(Brief): Write out the data below exactly, from its first line to the line containing "Tối 27/11, nhiều", that line included.
+++ Provided data +++
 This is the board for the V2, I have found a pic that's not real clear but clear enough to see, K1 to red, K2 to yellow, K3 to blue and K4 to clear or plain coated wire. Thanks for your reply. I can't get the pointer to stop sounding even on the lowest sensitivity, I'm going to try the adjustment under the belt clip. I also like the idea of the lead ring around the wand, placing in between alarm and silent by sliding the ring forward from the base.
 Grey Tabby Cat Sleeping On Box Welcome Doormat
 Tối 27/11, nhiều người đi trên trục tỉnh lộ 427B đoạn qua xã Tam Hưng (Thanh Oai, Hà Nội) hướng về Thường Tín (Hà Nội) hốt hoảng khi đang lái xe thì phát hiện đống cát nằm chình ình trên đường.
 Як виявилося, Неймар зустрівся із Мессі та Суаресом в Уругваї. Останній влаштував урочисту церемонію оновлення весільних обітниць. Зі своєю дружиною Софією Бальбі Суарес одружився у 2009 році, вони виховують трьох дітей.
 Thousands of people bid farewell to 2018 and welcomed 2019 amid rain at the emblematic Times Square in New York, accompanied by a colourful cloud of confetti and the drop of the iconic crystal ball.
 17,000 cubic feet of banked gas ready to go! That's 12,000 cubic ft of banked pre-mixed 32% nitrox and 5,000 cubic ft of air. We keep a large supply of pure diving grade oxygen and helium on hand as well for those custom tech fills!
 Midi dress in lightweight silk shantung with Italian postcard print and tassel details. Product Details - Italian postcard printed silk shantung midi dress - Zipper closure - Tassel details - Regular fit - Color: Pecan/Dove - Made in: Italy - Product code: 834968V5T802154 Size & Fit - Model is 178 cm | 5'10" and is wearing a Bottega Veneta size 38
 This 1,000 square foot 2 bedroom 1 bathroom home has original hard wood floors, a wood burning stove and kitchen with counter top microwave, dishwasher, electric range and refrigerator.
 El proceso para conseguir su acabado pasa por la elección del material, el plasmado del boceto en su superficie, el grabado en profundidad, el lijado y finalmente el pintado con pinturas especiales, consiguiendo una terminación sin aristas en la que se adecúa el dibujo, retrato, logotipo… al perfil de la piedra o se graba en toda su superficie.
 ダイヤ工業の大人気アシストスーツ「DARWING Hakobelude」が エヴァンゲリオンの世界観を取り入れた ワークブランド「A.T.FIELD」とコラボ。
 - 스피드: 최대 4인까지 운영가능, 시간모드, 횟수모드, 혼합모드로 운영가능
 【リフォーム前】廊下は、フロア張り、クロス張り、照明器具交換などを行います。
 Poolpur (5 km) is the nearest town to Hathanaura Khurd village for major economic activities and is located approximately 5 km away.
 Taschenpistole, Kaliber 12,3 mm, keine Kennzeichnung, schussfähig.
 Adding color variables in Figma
+++
(Response to the task):
 This is the board for the V2, I have found a pic that's not real clear but clear enough to see, K1 to red, K2 to yellow, K3 to blue and K4 to clear or plain coated wire. Thanks for your reply. I can't get the pointer to stop sounding even on the lowest sensitivity, I'm going to try the adjustment under the belt clip. I also like the idea of the lead ring around the wand, placing in between alarm and silent by sliding the ring forward from the base.
 Grey Tabby Cat Sleeping On Box Welcome Doormat
 Tối 27/11, nhiều người đi trên trục tỉnh lộ 427B đoạn qua xã Tam Hưng (Thanh Oai, Hà Nội) hướng về Thường Tín (Hà Nội) hốt hoảng khi đang lái xe thì phát hiện đống cát nằm chình ình trên đường.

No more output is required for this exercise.